Biodiversity in the Telefónica District: a walk through the central area between North and West Squares

In this article we are going to learn about the biodiversity that exists in the offices of Telefónica's headquarters, and we are going to divide our study into the four squares that make up the District

Discover more about Biodiversity in the Telefónica District, take a walk with us through the North and West squares.
Álvaro Martín

Álvaro Martín

Reading time: 3 min

Some of us are very lucky, we work at Telefónica, in Madrid and in a privileged location. We started our visits to the different gardens in the central area of the pond between the North and West squares.

We start the walk and are greeted on the right by a large area of rose bushes (Rosa sp.), several hackberry trees (Celtis australis), with a small area of Olivilla (Teucrium fruticans) at the end.

We turn left to reach the first small square where we can see large areas of Cotoneaster (Cotoneaster horizontalis), Olivilla (Teucrium fruticans) and Lavender (Lavandula officinalis).

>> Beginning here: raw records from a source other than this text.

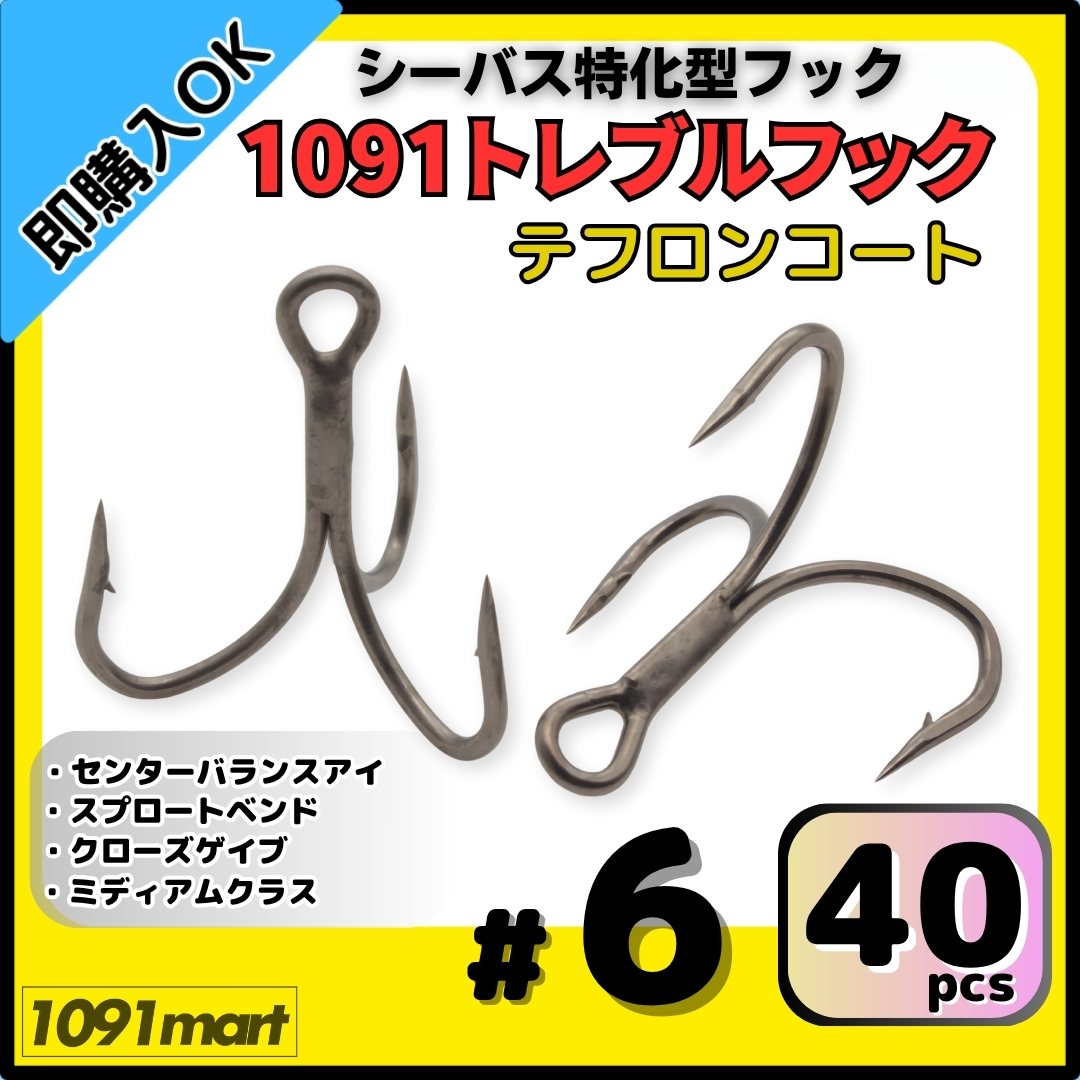 【送料無料】1091トレブルフック テフロンコート #6 40本セット 刺さり重視 バラしにくい シーバス特化型 トリプルフック ルアーフック
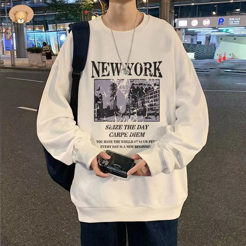 新款春秋圆领男士卫衣垂坠感慵懒宽松潮流百搭帅气无帽卫衣男薄款
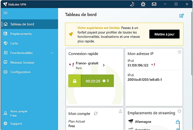 La version gratuite de HIDE.ME VPN que l’on ne peut utiliser que sur un seul appareil offre depuis peu une bande passante illimitée (10 Go par mois auparavant), ne conserve aucun journal de l’activité, n’impose aucune publicité et permet de choisir parmi 7 emplacements (Allemagne, États-Unis, Finlande, France, Pays-Bas, Royaume-Uni et Suisse). D’origine allemande mais basé en Malaisie ce logiciel est assez bien classé dans les tests mais propose des tarifs assez élevés d’où peut-être pour mieux se faire connaître cette version gratuite « améliorée » qui, si elle ne permet pas d’accéder à certaines plateformes de streaming comme Netflix, offre la même protection et le même cryptage que les plans payants, la seule différence étant une vitesse peut-être un peu moins élevée mais selon moi acceptable par rapport par exemple à celle d’un autre VPN gratuit que j’ai essayé et qui était complètement « saturé ». |
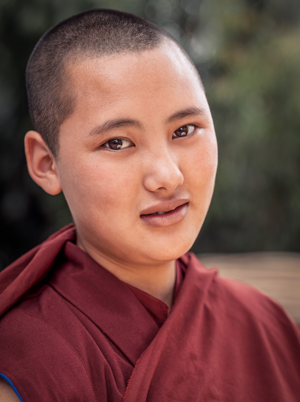 My name is Yangchen Palmo. I was born on 25th May 2008 in the village of Khaling, Trashigang. I studied through grade 7 in the government school. There are 5 in my family: my mother, elder brother, grandfather, grandmother and me. My mother’s name is Pema Wangmo. She works in the fields and looks after my grandparents. My father and mother divorced when I was young. I love to play. I had many friends in my village school. I joined the nunnery on 4th February 2023. I found many friends here and some are my cousins. I am also learning to speak Tibetan. In the future, I hope to complete the shedra and become a good teacher. I am happy to be a nun.

We continue walking in a northerly direction and turn right again to find repeated areas of Cotoneaster (Cotoneaster horizontalis) and Olivilla (Teucrium fruticans) but this time mixed with Rosemary (Rosmarinus officinalis), Rose (Rosa sp.) and Photinia “Red Robin” (Photinia x fraseri).

We go back out into the corridor and turn left where we can see, in an area parallel to the North 3 building, several specimens of hackberry (Celtis australis), Olivilla (Teucrium fruticans), Rosemary (Rosmarinus officinalis) and several wild daisies.

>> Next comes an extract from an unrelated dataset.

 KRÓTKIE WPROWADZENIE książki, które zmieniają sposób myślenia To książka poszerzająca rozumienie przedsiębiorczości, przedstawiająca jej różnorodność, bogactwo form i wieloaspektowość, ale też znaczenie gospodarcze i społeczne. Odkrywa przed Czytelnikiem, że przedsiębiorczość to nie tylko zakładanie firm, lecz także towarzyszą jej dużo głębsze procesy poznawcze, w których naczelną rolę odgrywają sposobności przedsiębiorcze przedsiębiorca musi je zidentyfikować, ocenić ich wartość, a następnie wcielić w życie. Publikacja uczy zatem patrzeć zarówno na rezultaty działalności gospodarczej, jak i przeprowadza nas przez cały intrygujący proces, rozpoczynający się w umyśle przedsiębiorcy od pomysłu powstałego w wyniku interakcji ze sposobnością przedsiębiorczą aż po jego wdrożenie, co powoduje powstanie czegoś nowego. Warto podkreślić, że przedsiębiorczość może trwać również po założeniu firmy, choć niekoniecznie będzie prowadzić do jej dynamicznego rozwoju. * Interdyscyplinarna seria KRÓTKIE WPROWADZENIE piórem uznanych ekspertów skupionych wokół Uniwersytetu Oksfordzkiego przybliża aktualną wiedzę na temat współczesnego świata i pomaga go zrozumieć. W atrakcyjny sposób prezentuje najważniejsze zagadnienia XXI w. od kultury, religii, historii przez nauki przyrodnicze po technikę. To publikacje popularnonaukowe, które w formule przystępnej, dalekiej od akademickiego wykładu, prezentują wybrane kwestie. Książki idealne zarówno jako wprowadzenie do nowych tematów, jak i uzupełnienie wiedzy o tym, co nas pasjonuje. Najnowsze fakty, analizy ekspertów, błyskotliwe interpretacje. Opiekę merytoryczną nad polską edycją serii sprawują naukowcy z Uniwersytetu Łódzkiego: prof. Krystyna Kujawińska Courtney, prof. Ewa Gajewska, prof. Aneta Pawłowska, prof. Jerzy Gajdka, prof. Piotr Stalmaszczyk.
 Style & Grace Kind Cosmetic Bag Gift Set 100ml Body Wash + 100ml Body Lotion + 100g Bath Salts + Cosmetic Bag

We reach the end and leaving an area of American Juniper (Juniperus horizontalis) on our left we take our steps towards the stairs leading up to the west square. Just before going up the stairs we follow the corridor parallel to the water channel where on the left we have Cotoneaster (Cotoneaster horizontalis) and on the right a large area of Lavender (Lavandula officinalis). Turn right at the first fork and you will see a geometric hedgerow composed of Olivilla (Teucrium fruticans), Fotinia “Red Robin” (Photinia x fraseri), Durillo (Viburnum tinus) and at the end Lavender (Lavandula officinalis).

Arriving at the wall we can see on the right a large area of Rosemary (Rosmarinus officinalis) and in front of it a large area of Foxtail (Pennisetum sp.) with Sacred Bamboo (Nandina domesica). On the wall can be seen Ivy (Hedera helix), Roses (Rosa sp.), Wisteria (Wisteria sinensis).

When we reach the next small square we see an area of Durillo (Viburnum tinus) protecting a Rose bush (Rosa spp.). We continue onwards and on the right we find a Shade plane tree (Platanus hybrida) and a common iris (Iris germanica).

We reach the water channel again. Turn right to follow it on the way to the pond and just before going down some steps you can see Olivilla (Teucrium fruticans) and Roses (Rosa sp.) on the right and Cotoneaster (Cotoneaster horizontalis) on the left.

Once down the steps to the right we can see a large area of dwarf bamboo (Pleioblastus spp.), in which New Zealand flax (Phormiun tenax), some Liquidambar (Liquidambar styraciflua) and several specimens of Almez (Celtis australis) stand out. No, let’s not get tired as there is one last pleasant olfactory experience left on this zigzagging second route. If we go out into the central corridor and take the direction of the ramp that goes up to the West square, before we can start to climb it, we will be hit by a pleasant aroma during the flowering season. It is an area of Jasmine (Jasminum officinale f.grandiflorum) next to the wall.